THE INPUT
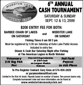 hey everyone the webster lake musky club is havine its 2nd cash tournament of the 09 season.. on september 12th and 13th.. barbee chain on saturday and webster lake on sunday.. and a dinner on saturday night.. 200.00 a team and 60% payout to a full field.. hope to see everyone there... check out the pic of the flier...bill
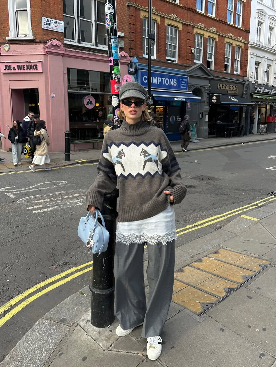 What makes it work so well is the balance. Nothing is overly styled, but together it tells a story—like someone heading out for coffee, a bookshop stop, and maybe a rainy stroll through Soho.
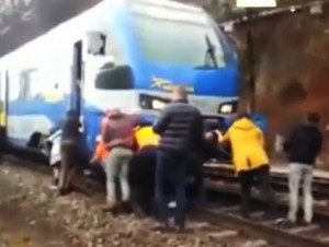 Putnici morali da guraju voz
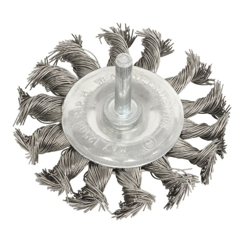 Twist knot flat wire wheel.Stainless Steel.Shaft: 6mm.Width: 75mm.Max Speed: 12500rpm.
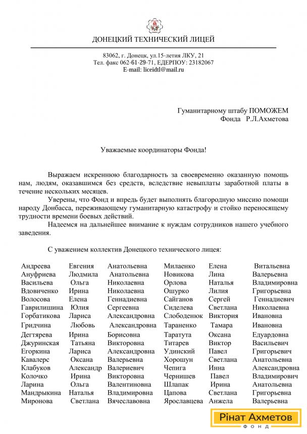 Сотрудники Донецкого технического лицея выражают благодарность Гуманитарному штабу Рината Ахметова за оказанную благотворительную помощь. Сотрудники лицея уже начали получать продуктовые наборы от Штаба в Донецке.
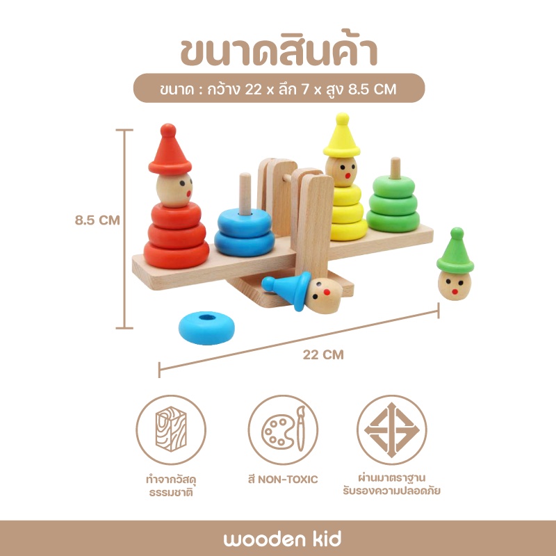 Wooden Kid บาลานซ์พร้อมห่วงสี ของเล่นไม้เสริมพัฒนาการ Balance game
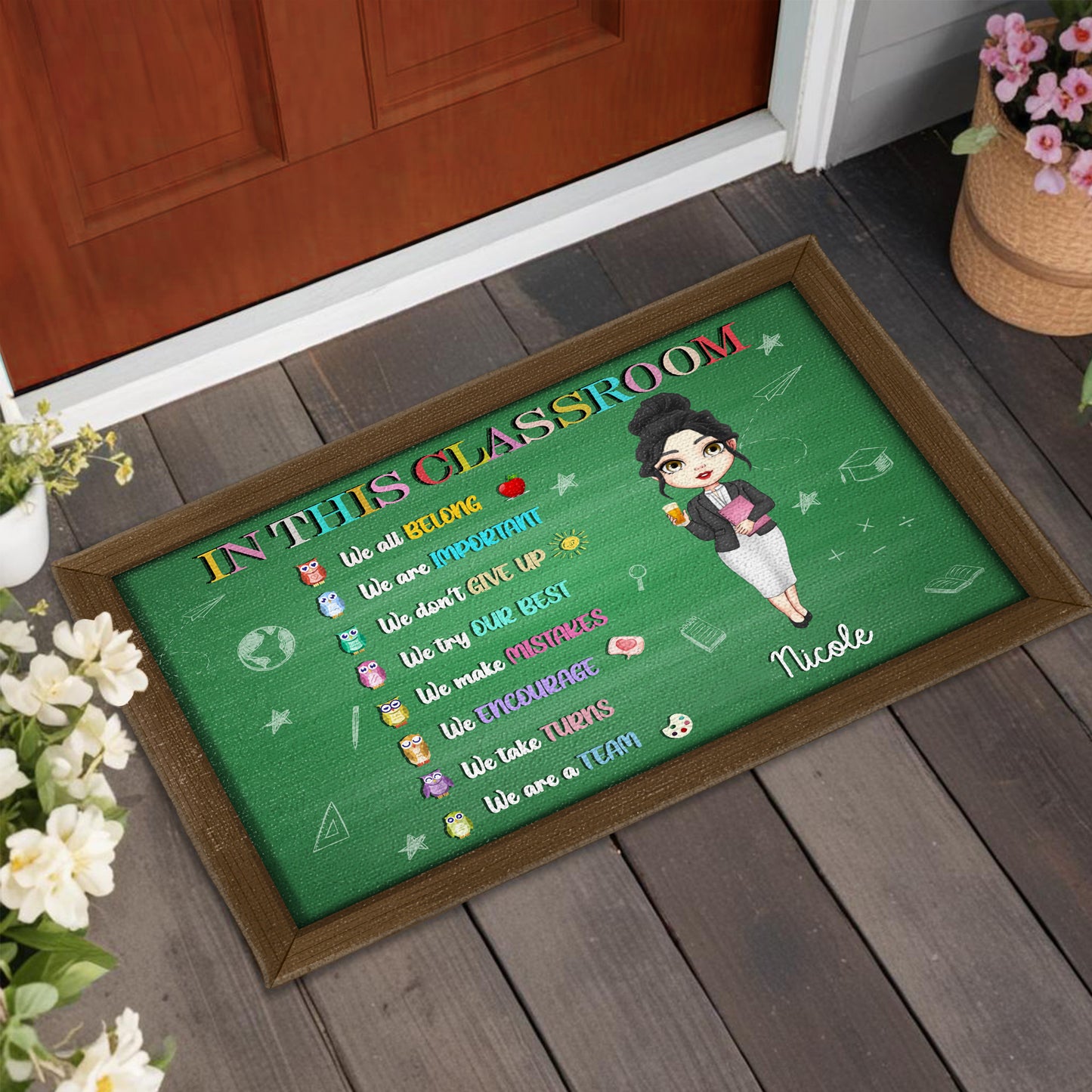 In This Classroom We All Belong, Teacher and School Icons, Personalized Custom Doormat, Gift for Teachers

EXERCISE OBJECTIVE
In the listing above, find the line containing "What makes it". Output it and every line after it up to and including the line containing "Putnici morali da guraju voz", exactly, but skip the pictures.

TASK ANSWER
 What makes it work so well is the balance. Nothing is overly styled, but together it tells a story—like someone heading out for coffee, a bookshop stop, and maybe a rainy stroll through Soho.
 Putnici morali da guraju voz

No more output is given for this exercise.